Сергей Сергеевич Искрабов, или дядя Сережа, Евгений Тарасович Хачатрян, или дядя Женя, и Владимир Иванович Тритонов, мой отец, вернулись с кладбища в пятом часу. Переодевшись обратно в дачное, но непривычно выбритые, орошенные туалетной водой, они сели к столу под ивовым кустом, изредка пускавшим слезы. Шуршащий пакет звякнул стеклом, оттуда извлекли бутылку коньяка, сверкнувшую квинтетом звезд. Золотистой жидкостью наполнили рюмки; предназначенную усопшему отставили в сторону.

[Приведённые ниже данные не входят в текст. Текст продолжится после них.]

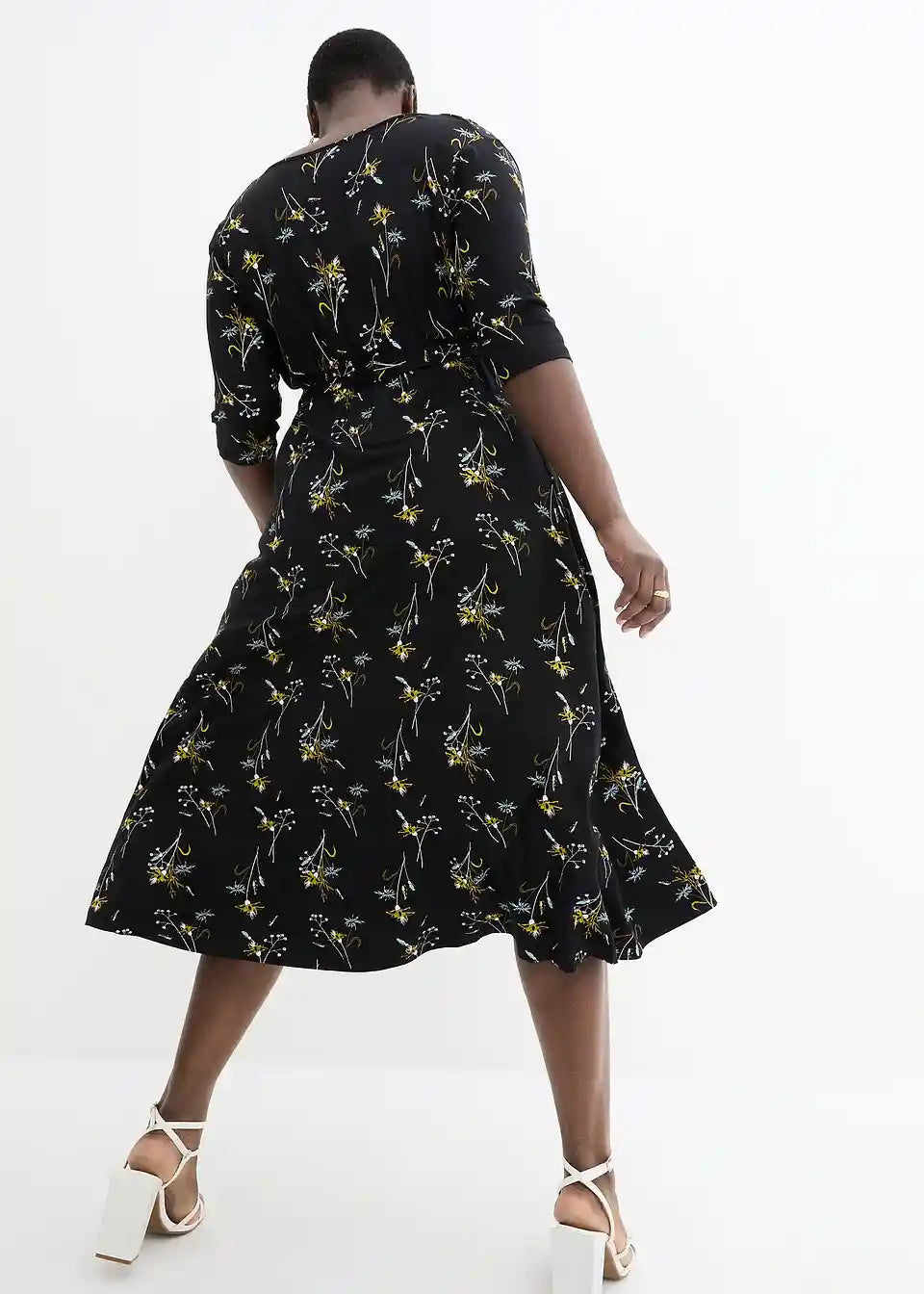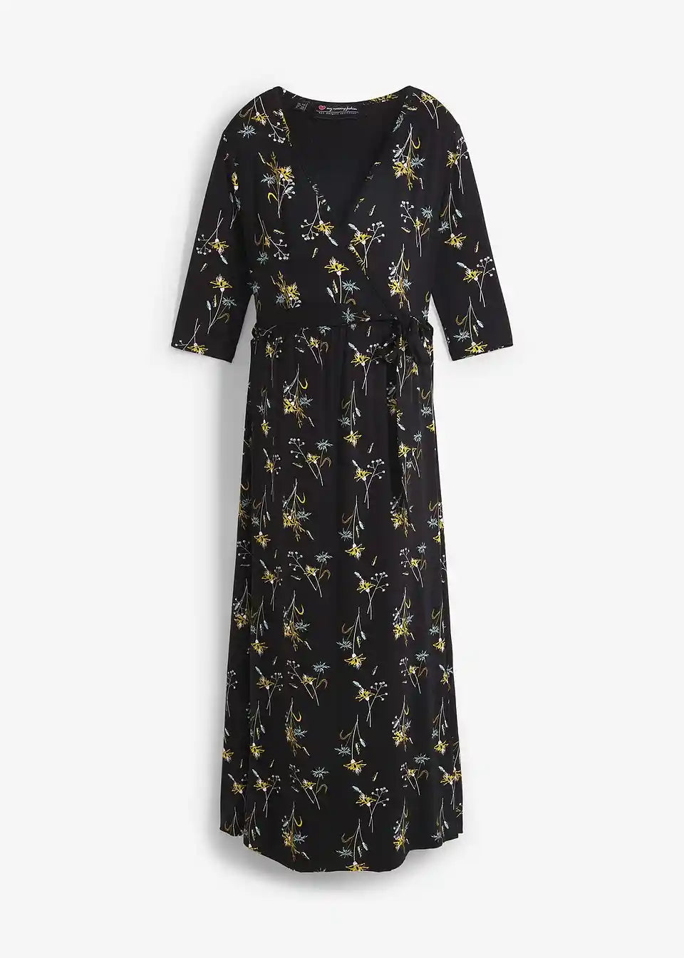 Haljina do listova izrađena od mekog viskoznog pletiva s 3/4 rukavima i odvojivim pojasom za vezanje ispod grudi. Preklopni izrez omogućava jednostavno dojenje.
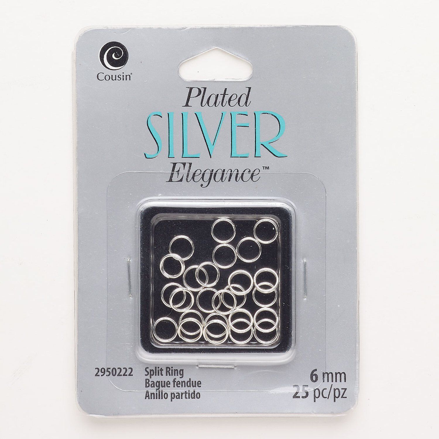 Split ring, brass, pkg/25, silver finish, 6mm round.

Суетиться хватит, Иваныч, — сказал дядя Женя отцу, который в чаше ладоней принес из теплицы спелые, душистые помидоры. Отец опустился на табурет.

Ну что, мужчины, — в последнем слове дядя Сережа особый акцент сделал на букве «ч», — давайте помянем Анатолия Васильевича, — он вздохнул, помолчал и добавил: — Мертв Толя…

Дольку помидора отец положил к стопке упокоившегося друга. Малиновый перезвон рюмок на сей раз не вплелся в предвечернюю гармонию июльских звуков, составленную из визга электрорубанка, ветра, шелестящего темными ивовыми листьями, собачьего унылого воя, зуда зачастую незаслуженно опускаемых из солнечных летних пейзажей комаров и мух.

Царствие небесное, Толя… Господи прости, — дядя Женя опустошил стопку и поморщился.

Заговорил отец, медленно, с преисполненными задумчивости паузами:

Смерть своей косой не впервые рядом просвистывает, а всякий раз мне не верится; хотя нет, верится, голова-то верит… не чувствуется, что человека нет. Вновь увидеть его можно только на фотографии, и друг уже не позвонит, чтобы поздравить с днем рожденья или Новым годом… Вот в гробе он лежит, — отец зачем-то привстал и развел руки, точно показывая мерку гроба, — и ты понимаешь: это больше не Толя, а труп… И думаешь: но это же Толя. Воспоминания есть, там он живой, веселый… говорит, действует. А тут от него только тело тлеет в земле.

Дядя Женя величаво и мудро заключил:

Жизнь всем отлична от смерти, и живой никогда смерти не поймет. Мысли о ней с годами особо глубже не делаются. Только умирать не хочется все больше и больше.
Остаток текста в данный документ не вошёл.